Development, Testing and Beyond

Drs. Spiegel and Chey initiated the My GI Health project in 2010, collaborating with gastrointestinal therapeutics company Ironwood Pharmaceuticals*, computing experts from UCLA’s Computing Technologies Research Lab and education experts at the University of Michigan’s Center for Health Communications Research.

Drs. Spiegel and Chey and other investigators at UCLA and the University of Michigan conducted rigorous clinical research and end-user research with patients and physicians, culminating in the development of My GI Health. The program is currently being beta tested with select gastroenterologists. Initial results from the beta testing are impressive: the history of presenting illness compiled by My GI Health based on patient assessments was viewed as more complete, more organized, containing more useful information and making an overall better impression on the physicians than patient histories gathered via the more traditional method.

Beta testing of the system is still ongoing, and new partners have joined the collaboration, including government agencies, physician professional societies, patient advocacy groups and companies involved in the pharmaceutical, nutrition and electronic health records industries.

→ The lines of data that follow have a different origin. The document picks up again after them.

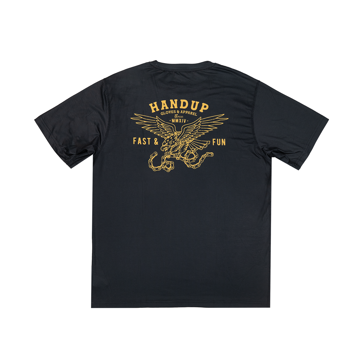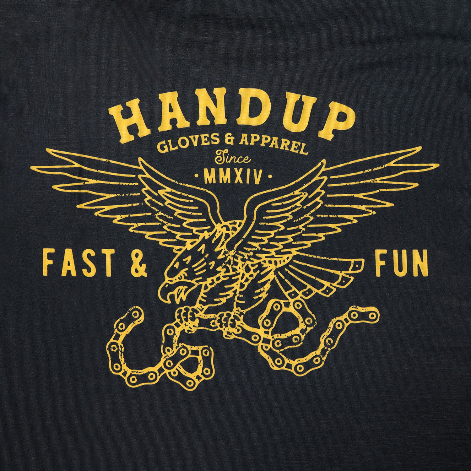 Strong wings and no mercy for weak chains. The Screamin' Eagle traditional tattoo artwork features a noble eagle clutching a bike chain like it’s earned every link. It’s a nod to freedom, grit, and the kind of riding that leaves marks — on the trail and on you.
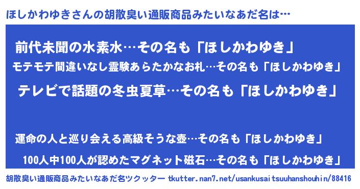 | ヘコむあだ名 | 『ほしかわゆき(遠い目)』『ほしっふぃ~』 |
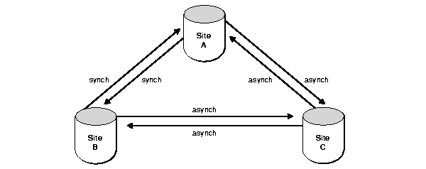 As another example, consider what would happen if you created site A as the master definition site, then added site C with an asynchronous propagation mode, then added site B with a synchronous propagation mode? Now the propagation modes would be as shown in Figure 2-10.

Exciting improvements to the system are under way. For example, My GI Health recently began a partnership with MEDL Mobile, which creates, develops, markets and monetizes mobile apps. MEDL Mobile is working with the My GI Health team to create an iOS7 optimized experience designed to enhance the existing platform with native iPhone and iPad functionality. Additional improvements are planned, as additional partners and collaborators are identified.

In time, the developers of the My GI Health program believe it can be expanded to other diseases and disorders. The developers believe that the platform could easily support a My Nutrition Health, My Heart Health, My Skin Health, My Joint Health and more.

We at Ironwood believe the platform represents an opportunity for healthcare companies to work with other healthcare stakeholders not only on how to address the needs of patients through the development of new diagnostics and medicines, but also on how to enhance the quality, cost-efficiency and overall patient experience in the delivery of healthcare.

Achieving this will require collaboration among pharmaceutical and diagnostics companies, insurance companies, academia, government, advocacy organizations, professional organizations, doctors and patients. The My GI Health model is helping to advance this vision by aligning multiple stakeholders around the design and implementation of tools, systems and processes intended to drive improvement in patient health outcomes by positively reconstructing how patients and their physicians communicate and partner.

*Editor’s note: Ironwood co-markets Linzess (linaclotide), which is indicated for adults with IBS-C or CIC.


Tom McCourt is chief commercial officer and SVP, marketing & sales, and Douglas Levine, MD, is VP, medical scientific affairs, Ironwood Pharmaceuticals.